TASK INSTRUCTIONS>
The result is the exact lines from the one containing "Sous forme associative, l’estaminet" through the final line of the entries; leave out the pictures.

▼

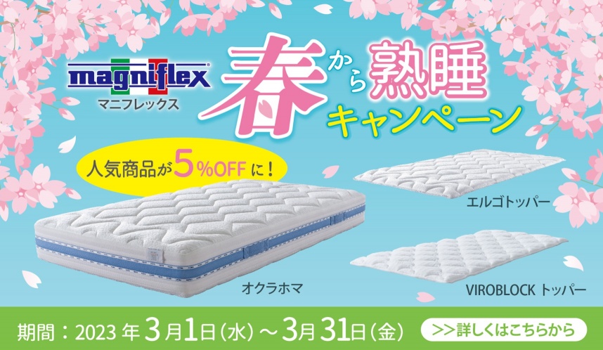 2023.03.01 SALE マニフレックス マニフレックスのキャンペーン 【マニフレックス 春 キャンペーン】 3月キャンペーンのお知らせです。 人気商品の「オクラホマ」「ヴィロブロック・トッパー」「エルゴトッパー」が ちょこっとだけお得になります。 絶対に値引きが無いマニフレックス。 このご時世、ちょこっとでも安いのは助かるよね。 この機会に、新生活ではないあなたも、 『眠り』について考えてみませんか? 本多快眠堂が、あなたにピッタリのベッドマットをご提案します。 期間は3月1日~31日まで ※キャンペーン、早期終了の場合もございます。ご了承ください。
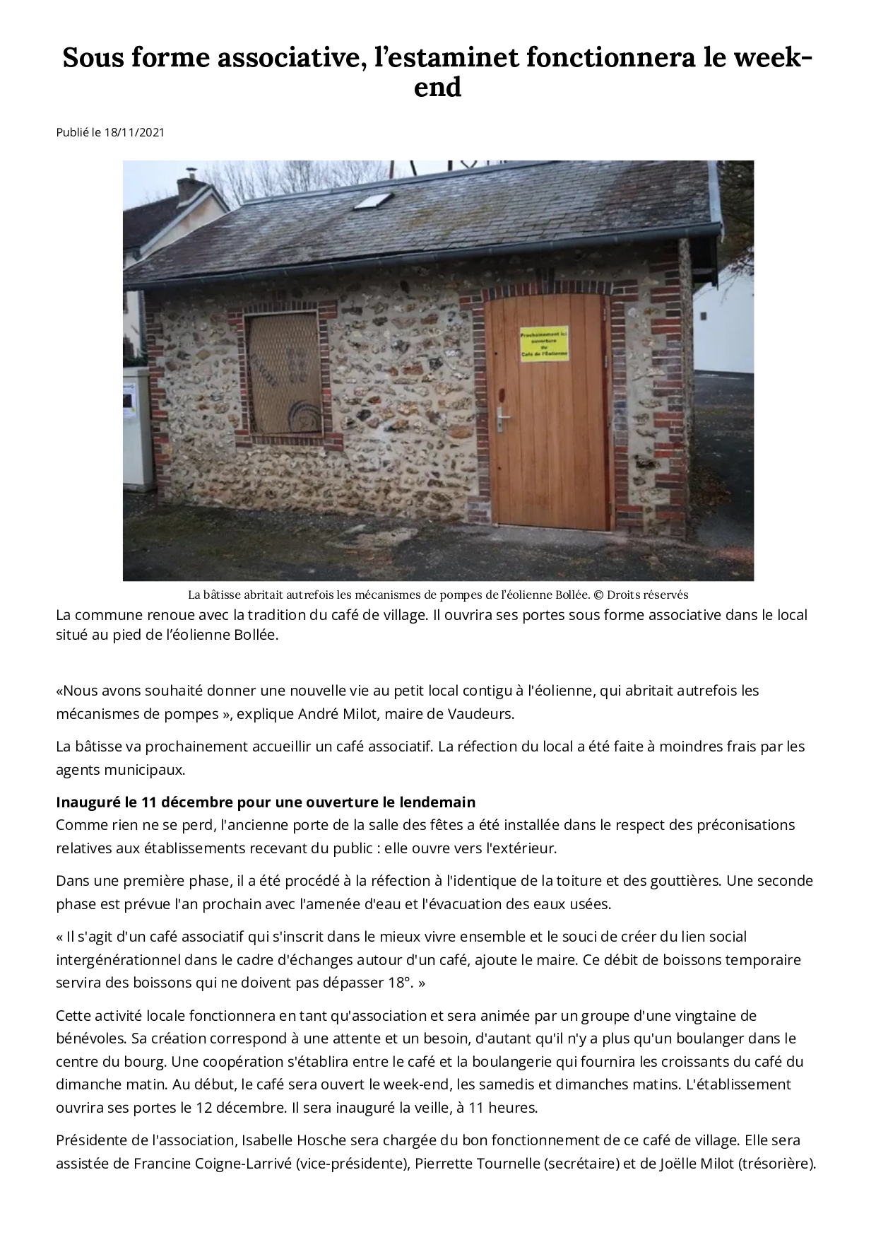 Sous forme associative, l’estaminet fonctionnera le week-end
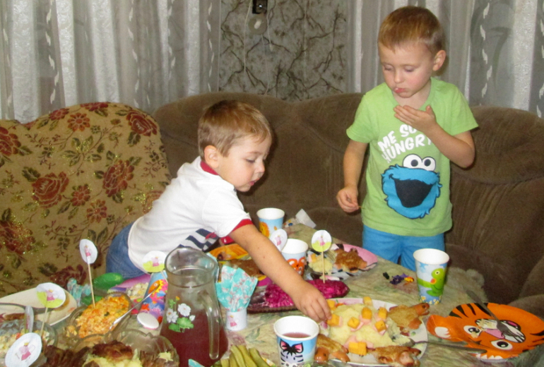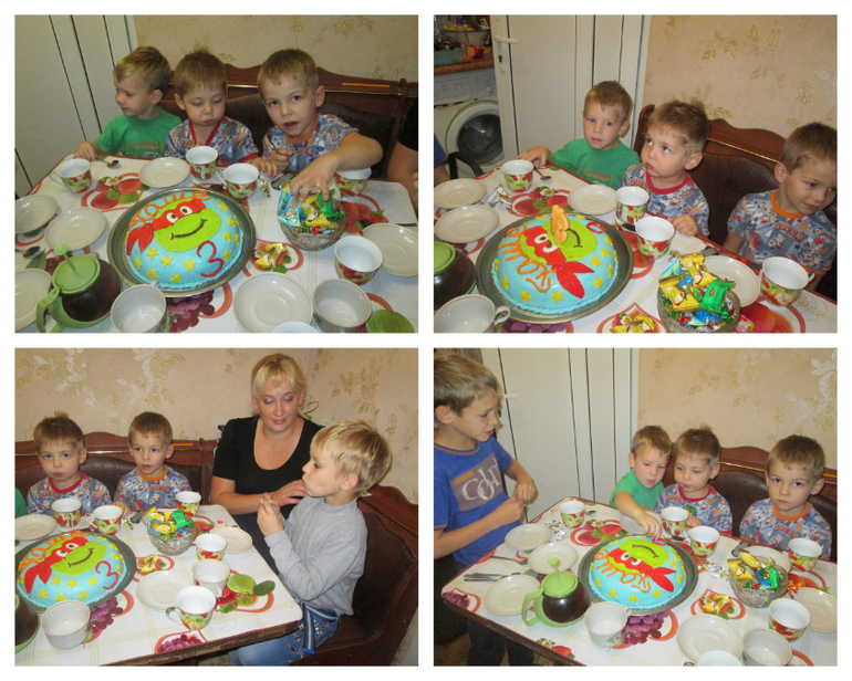 День Рождения нашего младшенького выпадал на будний день, поэтому в этот день сходили с детьми на аттракционы, а вечером просто попили чай с соседской детворой. Празднование решили перенести на выходные.
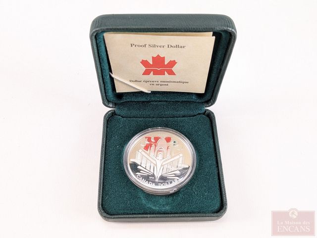Dollar canadien épreuve année 2000 en argent, dans son coffret, ainsi que pièce d'un dollar 1998 en argent sterling
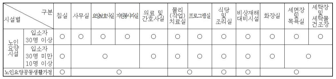 | 노인요양공동생활가정 | ○ | ○ | ○ | ○ | ○ | ○ | |||||||

▲

TASK RESPONSE>
 Sous forme associative, l’estaminet fonctionnera le week-end
 День Рождения нашего младшенького выпадал на будний день, поэтому в этот день сходили с детьми на аттракционы, а вечером просто попили чай с соседской детворой. Празднование решили перенести на выходные.
Dollar canadien épreuve année 2000 en argent, dans son coffret, ainsi que pièce d'un dollar 1998 en argent sterling
 | 노인요양공동생활가정 | ○ | ○ | ○ | ○ | ○ | ○ | |||||||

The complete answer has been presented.